Мы с Серафимом решили до вечера прогуляться по Ташкенту, который он превосходно знал еще с детских лет. Он много рассказывал о своих родителях, о Семиречье, о студенческих годах в Томске.
- А этот Благовещенский, - спросил я, когда мы ехали трамваем в старый город, - генерал, наверное?
- Ну, брат, до чего ты глазастый! - удивился мои новый товарищ. - Опять почти угадал. Только не генералом он был, а подполковником генштаба. В Туркестане чуть ли не всю жизнь, а в революции с нами с первого дня. Ценят его и бойцы, и командиры - голова! Обхождение - сам видел, и ведь все от души. Редкий человек, побольше бы таких…

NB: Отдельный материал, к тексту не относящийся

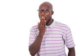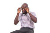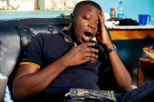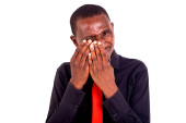 młody człowiek w niebieskiej koszuli siedzi na zewnątrz myśląc o dłoniach na policzkach.

Выяснилось, что Иванихину, как и еще нескольким командирам из нашего общежития, приказано явиться в штаб фронта послезавтра, в десять утра. Вот как! Возможно, и служить мне придется вместе с этим полюбившимся мне боевым командиром-большевиком.
…С нетерпеньем ожидал я этого часа, как, наверное, и каждый из командиров, вызванных в штаб округа. Еще бы - встреча с командующим, самим Фрунзе, чья слава уже тогда вознеслась высоко над армией и страной! В кабинете у Благовещенского мы расселись на стульях, поставленных вдоль стен, фуражки, папахи, буденовки держали на коленях. Почти не переговаривались, ощущая волнение, даже какую-то робость. Ведь решается наша судьба, паше будущее.
Благовещенский, проверив всех по списку, сам отправился доложить командующему. Мы все замерли в молчании. Из коридора донесся звук твердых шагов, звон шпор. Дверь распахнулась. Мы вскочили, защелкав каблуками сапог.
- Здравствуйте, товарищи краскомы! - четко произнес Фрунзе спокойным голосом.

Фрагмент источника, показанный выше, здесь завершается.